Task brief | Only the lines from the one that contains "A stylish bracelet/narrow" to the last line below, both included, should be transcribed. Pictures stay out of the copy.

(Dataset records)
■ ■ ■ ■
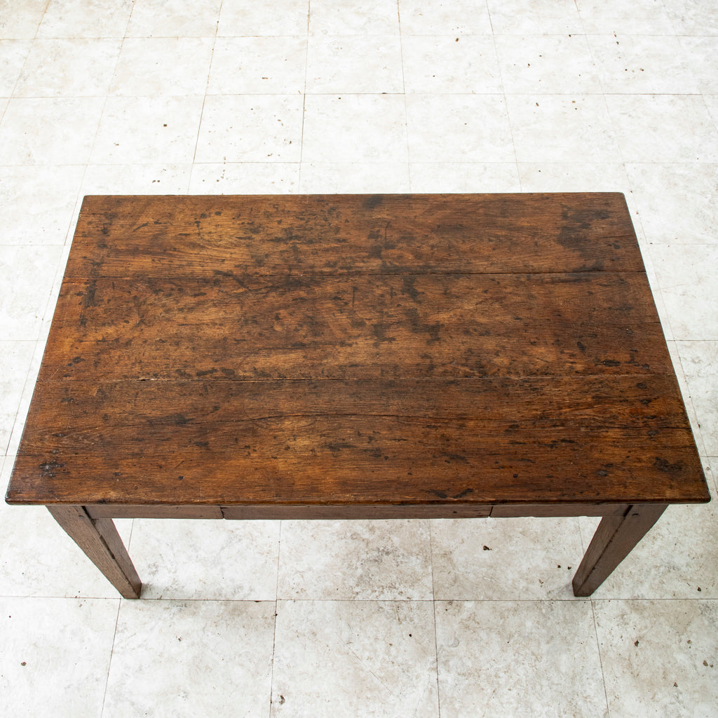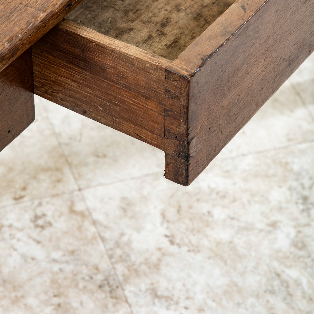 Nineteenth century rustic oak mountain table with single drawer, engraved with the artisan's initials RA. c. 1850. 19.5" H X 25.5" W X 17.5" D
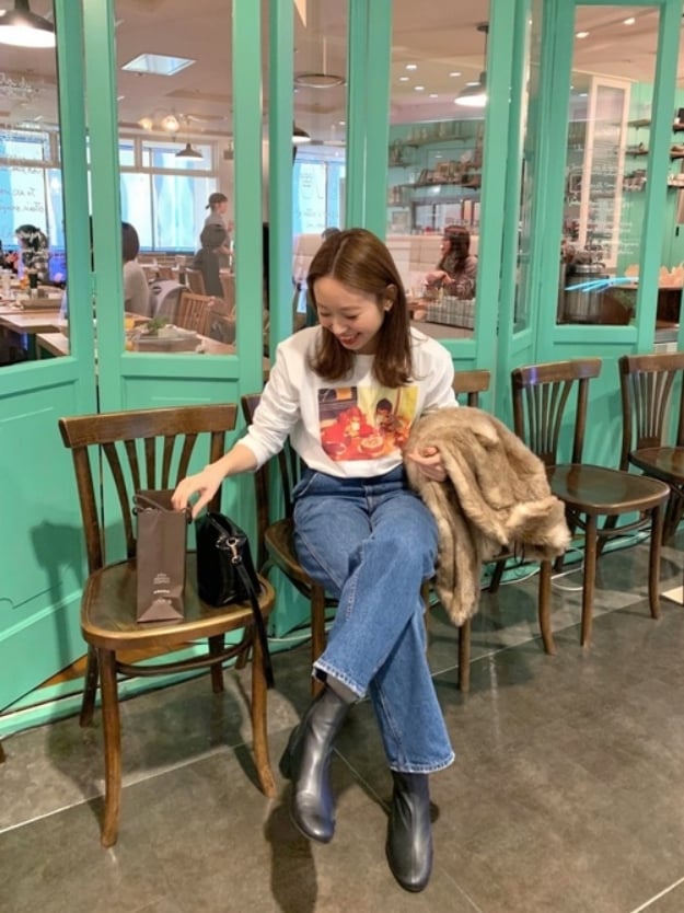 直筒牛仔褲最近又開始火紅,這位妞妞配上白色印花上衣和黑皮靴,毛毛外套則是這次裝扮的重點,就算這樣簡單穿也還是很好看。
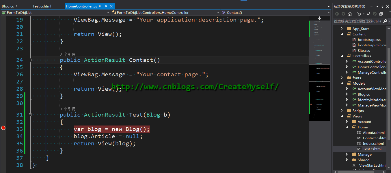 public ActionResult Test(Blog b) { var articleList = new List<Article>() { new Article() { ArticleIntr = "asp.net mvc", ArticleName = "mvc" }, new Article { ArticleIntr = "WebAPi", ArticleName = "WebAPi Authentication" } }; var blog = new Blog() { BlogName = "xpy0928", BlogAddress = "CreateMyself", Article = articleList }; return View(blog); }
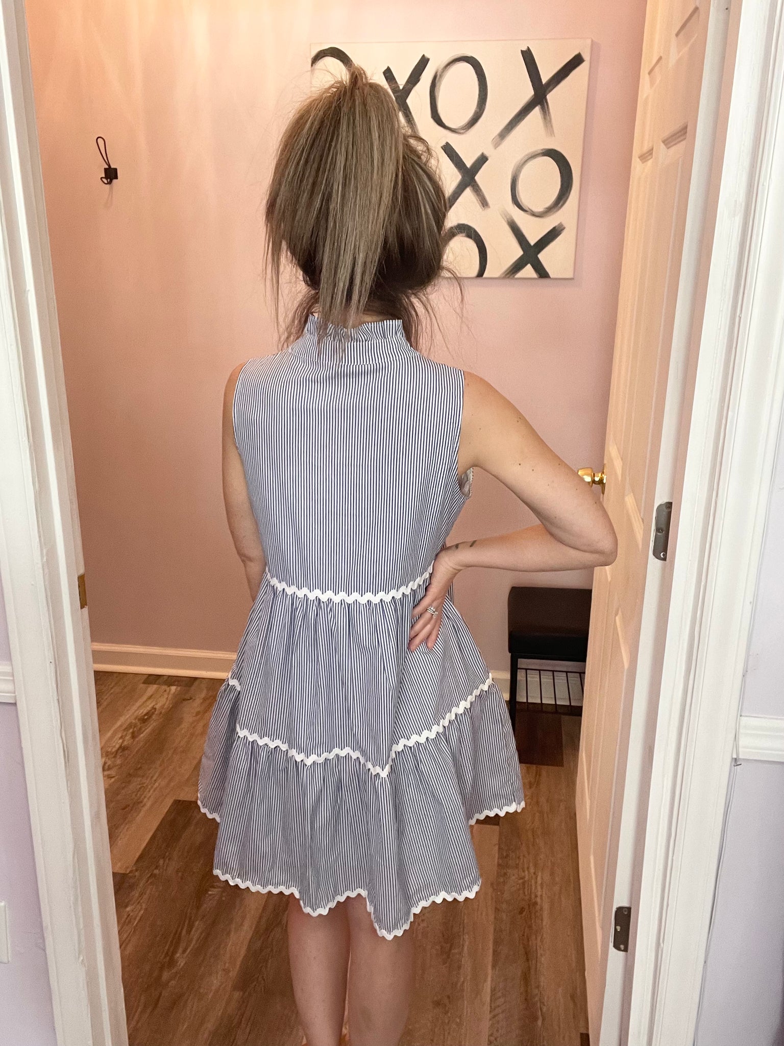 Feel cute and girly in this blue seersucker inspired with white ric rac trim dress! Dress it up or down. Wear to work, out with friends, or on a date! No amount of stretch. True to size.
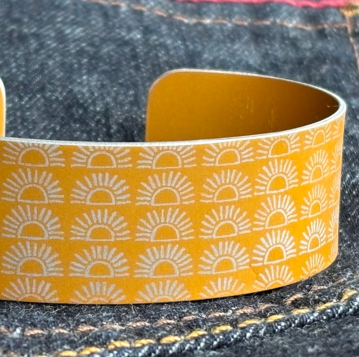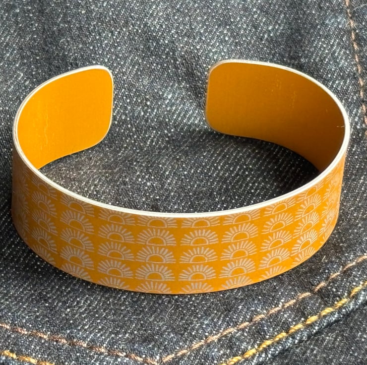 A stylish bracelet/narrow cuff made from anodised aluminium with a print of little suns. I drew this pattern digitally, made it into a resist and applied it to the metal. I then dye the aluminium, seal it and remove the resist which leaves the pattern showing in the original colour of the metal. The cuff is then made using traditional metalworking techniques.
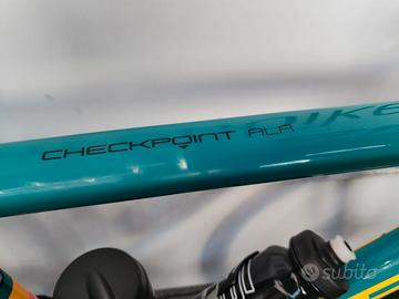 Bici da Gravel Trek Checkpoint ALR Custom OTTIME CONDIZIONI - USATO GARANTITO Taglia: 52 (53,6 cm orizzontale - altezze consigliate da 1,63 a 1,70) Telaio: Alluminio Alpha 300 Series, tubo sterzo conico, passaggio cavi interno Control Freak, tendicatena 3S, attacchi per portapacchi e parafango, disco flat mount, forcellini orizzontali scorrevoli, perno passante 142x12mm Forcella: Checkpoint carbonio, cannotto sterzo conico in lega, supporti portapacchi, attacchi per parafango, disco flat mount, perno passante 12x100mm Gruppo: Campagnolo Ekar 1×13 velocità Guarnitura: Campagnolo Ekar carbon, 40 T – 172,5 mm Cassetta: Campagnolo Ekar 9/42 T, 13 velocità Ruote: Campagnolo Shamal Carbon, 622x21C, 2-Way Fit Pneumatico: Vittoria Terreno Zero, 38mm, Tubeless Attacco manubrio: Bontrager Elite 100 mm Manubrio: Bontrager Pro carbonio, 420 mm Freni: Campagnolo Ekar, 140 mm SPEDIZIONE INCLUSA FINANZIAMENTO ONLINE
■ ■ ■ ■
Answer section |
 A stylish bracelet/narrow cuff made from anodised aluminium with a print of little suns. I drew this pattern digitally, made it into a resist and applied it to the metal. I then dye the aluminium, seal it and remove the resist which leaves the pattern showing in the original colour of the metal. The cuff is then made using traditional metalworking techniques.
 Bici da Gravel Trek Checkpoint ALR Custom OTTIME CONDIZIONI - USATO GARANTITO Taglia: 52 (53,6 cm orizzontale - altezze consigliate da 1,63 a 1,70) Telaio: Alluminio Alpha 300 Series, tubo sterzo conico, passaggio cavi interno Control Freak, tendicatena 3S, attacchi per portapacchi e parafango, disco flat mount, forcellini orizzontali scorrevoli, perno passante 142x12mm Forcella: Checkpoint carbonio, cannotto sterzo conico in lega, supporti portapacchi, attacchi per parafango, disco flat mount, perno passante 12x100mm Gruppo: Campagnolo Ekar 1×13 velocità Guarnitura: Campagnolo Ekar carbon, 40 T – 172,5 mm Cassetta: Campagnolo Ekar 9/42 T, 13 velocità Ruote: Campagnolo Shamal Carbon, 622x21C, 2-Way Fit Pneumatico: Vittoria Terreno Zero, 38mm, Tubeless Attacco manubrio: Bontrager Elite 100 mm Manubrio: Bontrager Pro carbonio, 420 mm Freni: Campagnolo Ekar, 140 mm SPEDIZIONE INCLUSA FINANZIAMENTO ONLINE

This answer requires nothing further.